The trial has provided a wealth of information that Beltran is now mining. “Using data from the patients in the trial as well as developing model systems from metastatic biopsies from those patients, we’ve been able to delve deeper into understanding why certain patients responded and others didn’t. We are also using this information to develop new therapeutic strategies,” she says.
In collaboration with Rickman and Mark A. Rubin, director of Weill Cornell Medicine’s Englander Institute for Precision Medicine, Beltran and her team are currently working on new pharmacologic ways to disrupt and inhibit the N-Myc-aurora kinase pathway. She is also designing experiments to understand how N-Myc cooperates with other molecular alterations that occur during neuroendocrine prostate cancer’s progression. Using this data, she is developing new targeted and immune approaches to treat or even reverse the cellular plasticity process that can lead to treatment resistance.
Matching Patients with Therapies—Precision Medicine
Beltran’s focus on the genetic and molecular features of the cancers that she studies reflects a trend in cancer research. “Precision medicine is an approach to match the best therapeutic with the right patient based on the molecular profile of that patient’s cancer. The approach recognizes that one therapy may not work the same in different patients even within the same tumor type and that cancers can evolve during the course of the disease. This is a concept that extends beyond prostate cancer,” she says.
The Englander Institute for Precision Medicine, where Beltran directs clinical activities, is a leader in the effort to improve and personalize clinical care and treatment. “Our goal is to bring cutting-edge genomic sequencing technologies into routine cancer care. We use this information to inform rational treatment recommendations and clinical trials,” Beltran says.
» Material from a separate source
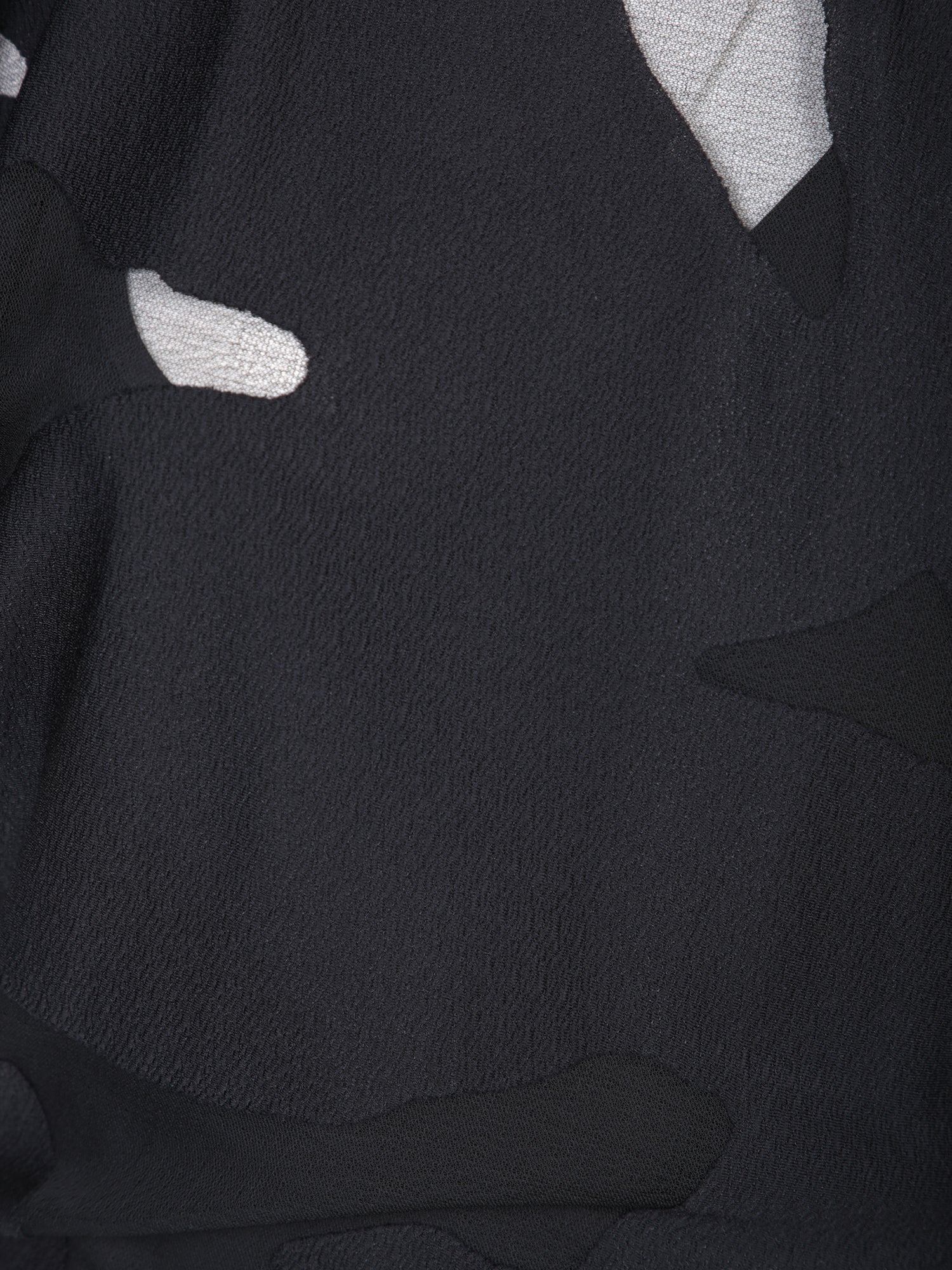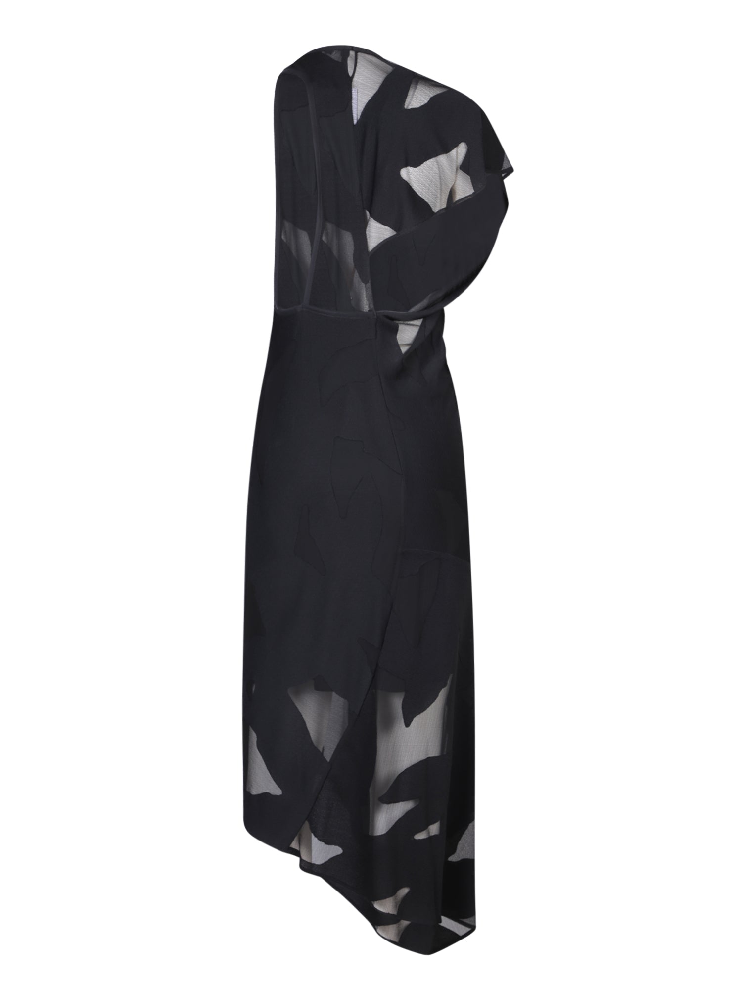 Sleeveless dress with sheer fabric details and geometric pattern. Asymmetric hem finish.

“We now have the capability to look at cancers better than ever before,” Beltran continues, “so we want to use this data to start asking bigger questions—why do some patients respond to treatment and others don’t? Are there targetable alterations relevant across cancer types? What genetic factors influence why a patient gets cancer in the first place, or how well they do once cancer develops?”
As the capability to study human disease improves, Beltran says there’s more opportunity for the translation of basic science to the clinic. “In the past, basic science and clinical medicine were not as closely intertwined,” she says. “But we have new tools to deeply profile cancers, develop model systems, understand cancer genetics and tumor biology, and to develop new treatments faster. I think it’s a great opportunity for translational researchers and physician-scientists to make an impact.”
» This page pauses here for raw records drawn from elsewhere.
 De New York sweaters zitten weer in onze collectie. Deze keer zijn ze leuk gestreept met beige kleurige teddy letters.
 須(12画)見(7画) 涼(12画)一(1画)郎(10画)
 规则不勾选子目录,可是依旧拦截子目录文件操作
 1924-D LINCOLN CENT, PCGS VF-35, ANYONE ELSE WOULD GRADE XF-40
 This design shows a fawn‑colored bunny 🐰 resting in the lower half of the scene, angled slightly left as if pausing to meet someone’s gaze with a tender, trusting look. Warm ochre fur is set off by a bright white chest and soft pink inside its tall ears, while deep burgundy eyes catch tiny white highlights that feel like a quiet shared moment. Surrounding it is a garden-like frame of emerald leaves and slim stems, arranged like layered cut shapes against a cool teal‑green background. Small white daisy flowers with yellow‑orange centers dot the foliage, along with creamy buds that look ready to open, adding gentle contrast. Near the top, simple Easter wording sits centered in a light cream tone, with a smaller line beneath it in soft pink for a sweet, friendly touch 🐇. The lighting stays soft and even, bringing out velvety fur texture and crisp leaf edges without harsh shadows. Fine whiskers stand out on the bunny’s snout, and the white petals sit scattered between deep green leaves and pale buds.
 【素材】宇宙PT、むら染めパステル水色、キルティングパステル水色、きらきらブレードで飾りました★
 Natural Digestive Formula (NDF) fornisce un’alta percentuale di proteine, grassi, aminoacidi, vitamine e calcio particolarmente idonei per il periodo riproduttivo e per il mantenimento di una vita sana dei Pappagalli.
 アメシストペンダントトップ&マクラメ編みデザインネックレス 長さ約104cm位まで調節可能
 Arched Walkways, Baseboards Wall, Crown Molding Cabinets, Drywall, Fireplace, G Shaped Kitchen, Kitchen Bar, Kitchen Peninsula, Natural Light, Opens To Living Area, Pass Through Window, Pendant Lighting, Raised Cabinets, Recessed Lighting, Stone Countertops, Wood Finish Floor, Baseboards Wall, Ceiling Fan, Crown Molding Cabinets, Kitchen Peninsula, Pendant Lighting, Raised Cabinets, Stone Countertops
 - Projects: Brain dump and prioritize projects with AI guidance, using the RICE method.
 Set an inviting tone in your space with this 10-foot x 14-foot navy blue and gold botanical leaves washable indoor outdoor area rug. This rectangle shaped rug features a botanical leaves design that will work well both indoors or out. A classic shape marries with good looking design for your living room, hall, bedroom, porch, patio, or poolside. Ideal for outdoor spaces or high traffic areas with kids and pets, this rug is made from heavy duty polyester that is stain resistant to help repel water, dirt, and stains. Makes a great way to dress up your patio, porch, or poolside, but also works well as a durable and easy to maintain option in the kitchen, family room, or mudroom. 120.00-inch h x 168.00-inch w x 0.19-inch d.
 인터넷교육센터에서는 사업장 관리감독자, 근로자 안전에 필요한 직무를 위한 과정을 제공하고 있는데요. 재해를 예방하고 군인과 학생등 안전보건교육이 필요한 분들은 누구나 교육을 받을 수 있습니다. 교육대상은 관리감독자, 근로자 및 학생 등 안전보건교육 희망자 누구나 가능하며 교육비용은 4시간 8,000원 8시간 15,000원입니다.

This is exactly what Beltran has always set out to do—to bridge the divide between research and patient care. “While it does require managing time and speaking different languages, I think it is exciting and empowering,” she says. “My patients motivate me and drive my research. Being engaged in research also helps me bring the latest technologies and new therapies back to my patients. Our patients get involved and participate in research, in trials. It is rewarding to be at that interface.”
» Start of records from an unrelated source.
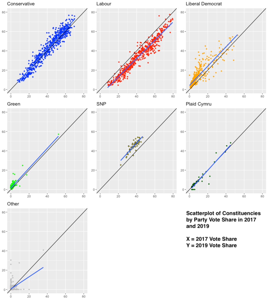 This is pretty unusual. Although there is often some correlation between election results in one election and party swing at the next, this is usually much smaller. For comparison, the same chart is reproduced for the change between 2017 and 2019, without the Brexit Party which stood no candidates in 2017:
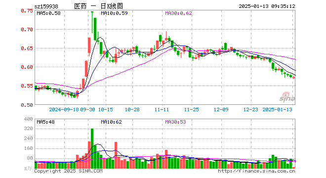 1月13日,医药卫生ETF(159938)开盘跌0.35%,报0.570元。医药卫生ETF(159938)重仓股方面,恒瑞医药开盘跌0.37%,迈瑞医疗跌0.43%,药明康德跌1.37%,片仔癀跌0.61%,爱尔眼科跌0.41%,云南白药跌0.21%,联影医疗涨0.66%,新和成跌0.55%,上海莱士跌0.60%,智飞生物跌0.91%。
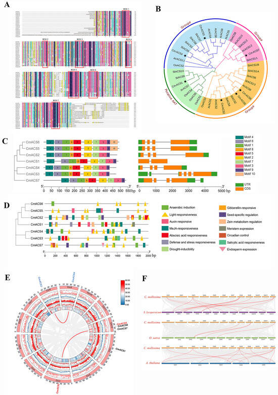 Bioinformatics analysis of the ACS gene family in the chestnut. (A) Multiple sequence alignment of the chestnut ACS protein sequences. Boxes 1–7 represent seven conserved structural domains of the ACS gene family. (B) Phylogenetic relationships of seven ACSs in chestnut and other plants. A star (★) represents chestnut ACS genes. (C) Phylogenetic relationships, gene structure, and architecture of conserved protein motifs. Boxes of different colors show different motif. (D) Cis-element analysis of the promoters of CmACSs. Cis-elements with similar functions are shown in the same color. Boxes of different colors show different cis-elements. (E) Chromosomal distribution of CmACS genes. From the outside to the inside, the first circle represents the chromosome coordinates; the second to fifth circles represent the GC content and density of the positive and negative chains, respectively; the sixth circle represents the gene density distribution; and the red lines connect gene pairs. (F) Synteny analysis of ACS genes in C. mollissima, S. lycopersicum, O. sativa, and A. thaliana. The chestnut genome, protein sequences, and annotation files were searched and downloaded through the GigaDB website (http://gigadb.org/dataset/view/id/100643, accessed on 16 October 2022) [26].
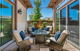 Custom Single Level Residence in Serrano CC guard gated community features guest quarters with separate entry, kitchenette with laundry hookups, full bath, bedroom & spacious sitting room. Upgrades in the spacious open design home include Sierra Pacific & transom windows, Thermador kitchen appliances, LED lighting, hardwood floors & oversized garage.
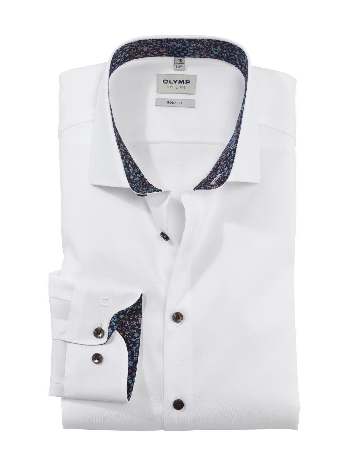 Mit dem Businesshemd »Level Five body fit« von OLYMP bist du stilsicher unterwegs und gibst deinem Look den letzten Schliff. Denn das Hemd kommt mit dem Blumen-Muster nicht nur gut an, sondern bringt auch eine romantische und verspielte Note in dein Outfit. Der Kentkragen hat eine etwas breitere Kragenstellung, bei der die spitz zulaufenden Ecken einen rechten Winkel bilden.
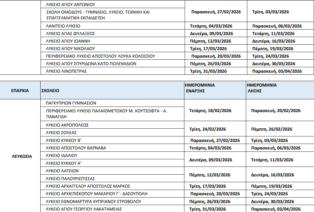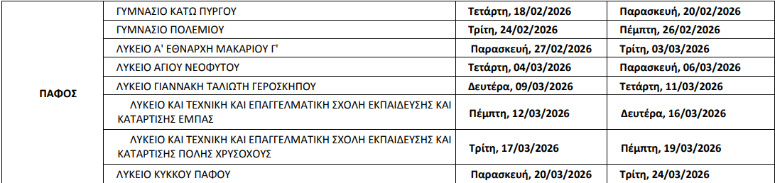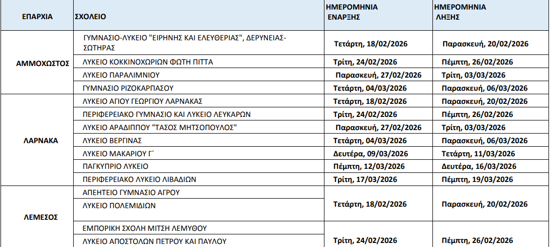 Αναλυτικά το κυλιόμενο πρόγραμμα ανά Επαρχία

The interdisciplinary environment and the research infrastructure at Weill Cornell Medicine make it possible. “Being able to work with a range of investigators with expertise across disciplines, to ask questions in different ways—this is why I chose Cornell,” Beltran says. “It’s a collaborative environment that facilitates translational research and helps me effectively bridge the clinic and the laboratory.”